The European Union’s recent adoption of the Markets in Crypto-Assets Regulation (MiCA) into law represents a huge, and foolish, step in how Europe approaches the regulation of crypto. Given recent regulatory actions by the Securities and Exchange Commission (SEC) aimed at crypto exchanges in the United States, many are wondering what effect, if any, MiCA will have on the crypto ecosystem in the U.S. and worldwide. How will it change financial innovation in Europe? Will a similar framework be adopted elsewhere?
MiCA makes two mistakes at once. It undermines the privacy of E.U. residents while triggering a departure of financial technology talent from Europe to other jurisdictions—most likely Hong Kong, El Salvador, and the United States.
These new European regulations have sparked intense debate surrounding privacy and the erosion of personal freedoms, especially because of its requirement to verify the identity of recipients when sending crypto worth over 1,000 euros to private wallets.
This follows a trend of diminishing financial privacy in the E.U., as the European Central Bank has been reducing the size of cash transactions that do not require mandatory reporting. However, the 1,000 euro limit for crypto is much lower even than cash reporting requirements. Want to buy a new laptop for your small business? Or perhaps you purchased some farm equipment from your neighbor? European Central Bank president Christine Lagarde must be told about it.
Such a sweeping violation of privacy is harder to establish in the U.S. because there is a stronger expectation of personal freedom here. Still, even U.S. regulators have shown they believe their obsession with anti-money-laundering measures is more important than its citizens’ financial privacy. Financial surveillance, especially related to cryptocurrencies, does threaten to ratchet higher in the U.S. unless financial privacy advocates speak up effectively.
Beyond privacy concerns, MiCA puts Europe at risk of losing its competitive edge as a hub for financial innovation. Regardless of whether the multitude of “crypto” projects has a future, it’s clear that bitcoin will play a central role in the future of digital finance. The jurisdictions that can attract this talent will benefit from the small but growing bitcoin infrastructure sector of the world economy.
Hong Kong has positioned itself as a crypto innovation hub, carrying forward the city’s legacy as a world leader in free capital markets. On the other hand, the Chinese Communist Party’s crackdown on Hong Kong’s Umbrella Movement casts a shadow over the future of Hong Kong that will be difficult for long-term investors and tech nomads to ignore.
El Salvador, for its part, has made remarkable strides in embracing bitcoin, including making the virtual currency legal tender in 2021. Last month, its president approved the Innovation and Technology Manufacturing Incentives Act (ITMIA). Instead of trying to stamp out innovation, El Salvador is aggressively building a robust bitcoin and A.I.-driven economy. The ITMIA eliminates taxes—yes, all taxes—on companies that are creating or importing most kinds of technology.
This is the kind of power move that underdogs can afford to make.
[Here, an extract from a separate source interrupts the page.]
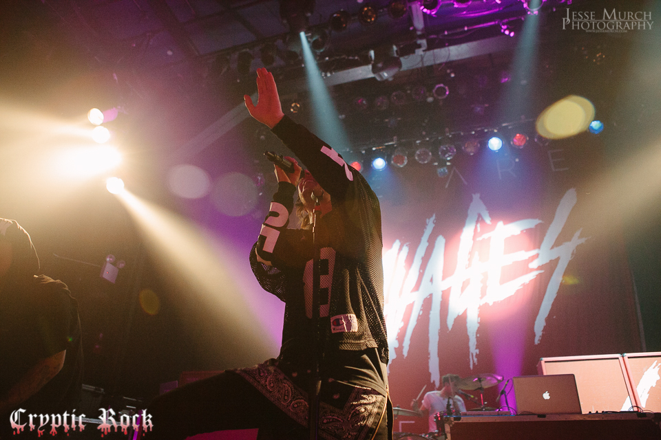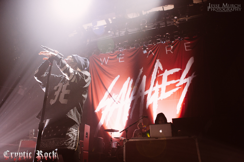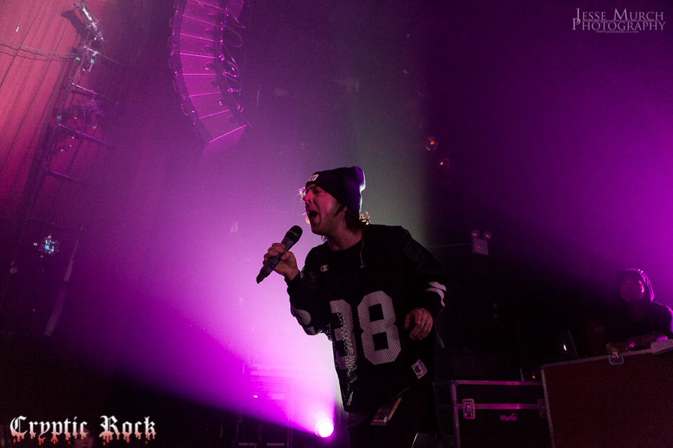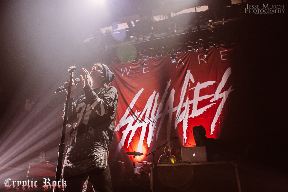 Starting things off with a bang, Breathe Carolina opened with new song “Savages”. The lights were low while lasers and strobes scanned the crowd as frontman Schmidt hopped around on stage with the band behind him. The crowd danced along while singing all of their favorites and it appeared the band has not skipped a beat and are excelling forward. Fans were pleased with the balanced delivery of a good variety of songs from all of their albums including some new material from Savages.

The E.U. clearly believes it’s immune to a permanent loss of tech talent to upstarts like El Salvador and that increasing taxes on the existing economy will pay off more than creating a regulatory environment that encourages growth in the technology sector. Time will tell if the E.U.’s risky bet pays off.
Mairead McGuinness, an E.U. commissioner, has said that regulating crypto is “a little bit like climate change” in that merely addressing the topic “in the E.U. is not enough, we need to have global engagement and sharing of experience.” This is a fascinating window into the thinking behind MiCA. Regulators in Europe believe that their environmental targets should be adopted globally. In recent decades, however, it has become clear that the E.U. lacks the leverage to compel the world’s largest economies and most populous countries to fall in line.
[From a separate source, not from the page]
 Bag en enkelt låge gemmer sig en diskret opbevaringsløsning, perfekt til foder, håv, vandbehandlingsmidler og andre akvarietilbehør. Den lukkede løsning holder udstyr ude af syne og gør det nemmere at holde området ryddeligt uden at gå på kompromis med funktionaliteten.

Like with the E.U.’s green deal, European regulators believe the whole world should fall in line with them and that MiCA should serve as a global standard for how crypto is dealt with legally. But this dream of theirs fails to account for a lack of incentive alignment. Countries that wish to grow their technology sectors would never willingly adopt a regulatory framework like MiCA.
There is also a certain irony in European lawmakers attempting to suppress bitcoin particularly, which stands out as a digital asset with the potential to protect the vulnerable. Its decentralized nature, consistent demand, and growing acceptance by institutions show that its value proposition is understood by more people each day.
As the world embraces the possibilities presented by bitcoin, people who live in jurisdictions with hostile regulatory environments will lose privacy and prosperity relative to those who live in places that recognize and encourage financial innovation.